22. The trial learned magistrate in his judgment used the statutory minimum wage as per the Regulation of Wages (General) (Amendment) Order, 2015 and awarded Kshs. 29,169/- as the wage for drivers within Kirinyaga.

23. I have perused the court record and noted that the deceased died on 30/1/2016 and thus the applicable guidelines are as per the Regulation of Wages (General) (Amendment) Order, 2015. The respondents led evidence that the deceased was a driver of his motor vehicle registration number KRX 288, which was a lorry.

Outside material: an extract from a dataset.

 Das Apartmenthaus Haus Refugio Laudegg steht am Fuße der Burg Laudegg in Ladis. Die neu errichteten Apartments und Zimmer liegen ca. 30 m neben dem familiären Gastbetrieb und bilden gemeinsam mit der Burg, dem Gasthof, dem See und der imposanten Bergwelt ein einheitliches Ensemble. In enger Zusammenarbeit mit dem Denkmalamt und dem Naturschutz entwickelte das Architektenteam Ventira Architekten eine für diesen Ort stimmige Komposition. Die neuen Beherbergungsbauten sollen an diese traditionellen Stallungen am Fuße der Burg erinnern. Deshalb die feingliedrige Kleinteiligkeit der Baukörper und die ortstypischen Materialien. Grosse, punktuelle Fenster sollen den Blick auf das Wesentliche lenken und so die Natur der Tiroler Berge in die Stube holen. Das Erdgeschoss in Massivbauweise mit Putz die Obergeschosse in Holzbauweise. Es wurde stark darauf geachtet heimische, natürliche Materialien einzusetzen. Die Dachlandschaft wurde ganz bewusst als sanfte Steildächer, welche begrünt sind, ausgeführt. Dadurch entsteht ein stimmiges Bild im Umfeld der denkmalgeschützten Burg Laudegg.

From the burial permit and the Chief’s letter dated 11/2/2016, the deceased resided at Kariguini sub location in Murang’a which falls under the column for “all other areas”. The minimum statutory wage for a driver of a heavy commercial vehicle was Kshs. 21,811. 10/- as per the Regulation of Wages (General) (Amendment) Order, 2015. Therefore upon re-evaluation of the evidence tendered, it is my considered view that the minimum wage applicable in respect to the deceased was Kshs. 21,811. 10/-. This amount ought to have been used as the multiplicand as opposed to Kshs.29,169/-.

24. It is my considered view that the magistrate erred in using the wrong multiplicand.

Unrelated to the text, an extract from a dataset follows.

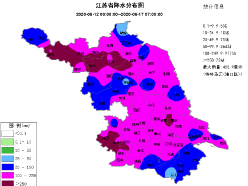 11日后半夜以来,我省大部分地区累计雨量超过100毫米,其中淮北和西南部地区超过250毫米。经统计,12日00时-17日07时累计雨量:我省有1414个乡镇(街道)超过50毫米(占全省94.3%),其中有977个乡镇(街道)超过100毫米(占全省65.1%),73个乡镇(街道)超过250毫米(占全省4.9%),最大南京市浦口区桥林乌江453.9毫米。

Whether the trial court erred in adopting a multiplier of 16 years. 25. The appellants contend that the multiplier of 16 years adopted by the trial court is on the higher side as the learned magistrate did not factor in the vicissitudes and vagaries of life which could have shortened the life of the deceased. As such, they propose the court adopts a multiplier of 8 years. The respondents argue that the deceased was 49 years at the time of his demise and he was in good health.

26. The trial court in adopting the multiplier of 16 years took into consideration that the deceased died at the age of 49 years and he would have properly continued to work as a driver up to the age of 65 years.

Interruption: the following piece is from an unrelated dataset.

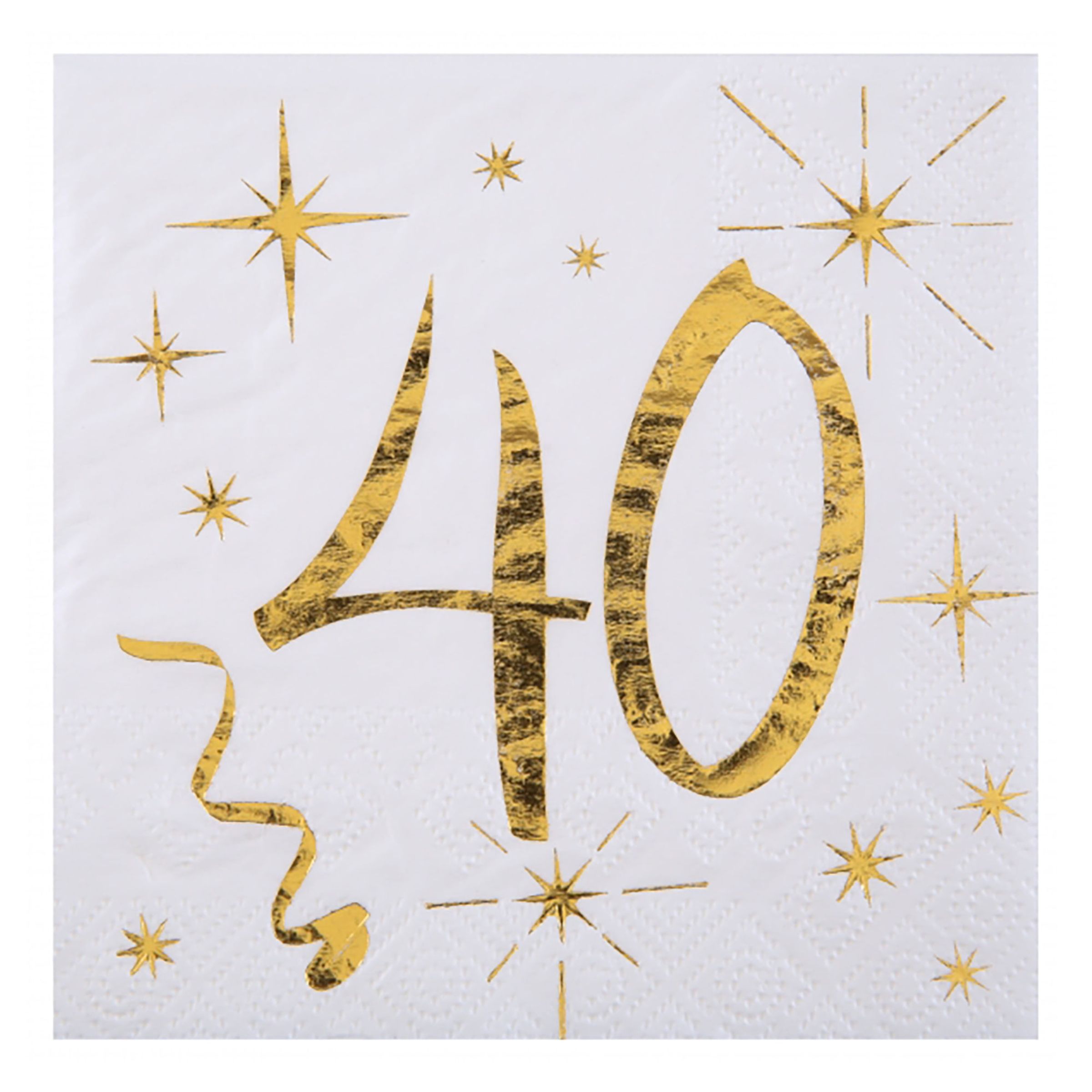 Kaffeservetter 40 Guld är vita pappersservetter med siffran "40" skrivet i guld, omringat av små stjärnor – perfekt till 40-årskalaset. Servetterna har tre lager och mäter 33 x 33 centimeter utvikta.

27. I have perused the authorities cited by the appellant and noted that in the cases of Nyamai Petronila & Another vs Monica Usyoki [2020] eKLR and Isaack Abdikarim Abdile & Another vs Rose Kinanu Muchai [2016] eKLR where the courts adopted a multiplier of 11 years for the deceased persons who were 49 years old and was a plumber and business man respectively. I have further been guided by the cases of Wachira Joseph & 2 Others vs Hannah Wangui Makumi & Another [2021] eKLR where the deceased was a mason aged 51 years and the court adopted a multiplier of 9 years. Further in the case of Irene Kagondu & Mary Wanda Kagondu vs W. K. Tilley Muthaiga Ltd & Another [2008] eKLR where the court adopted a multiplier of 11 years for a deceased person who was 49 years old. Taking into account the vicissitudes of life, I find it more reasonable to adopt the retirement age in the public service in Kenya of 60 years. The multiplier of 16 years is a bit on the higher side and I hereby adopt eleven (11) years as the applicable multiplier.

28. Therefore the award of loss of dependency shall work out as follows:-21,811. 10/- x 11 x 12 x 2/3 = Kshs. 1,919,376. 80 /-

29. In view of the foregoing, I find that the appeal is partially successful. The award of Kshs. 3,733,632/- on loss of dependency is set aside and substituted with an award of Kshs. 1,919,376. 80/- which is subject to the liability ratio of 15 : 85 agreed by parties.

30. Other damage items remain undisturbed. The total award of Kshs. 2,869,251. 80/- is subject to the agreed ratio on liability.

31. Each party will meet their own costs of this appeal.

32. It is hereby so ordered.

DATED AND SIGNED AT KERUGOYA THIS 26TH DAY OF OCTOBER, 2023. F. MUCHEMIJUDGEJudgement delivered through video link this 26th day of October, 2023.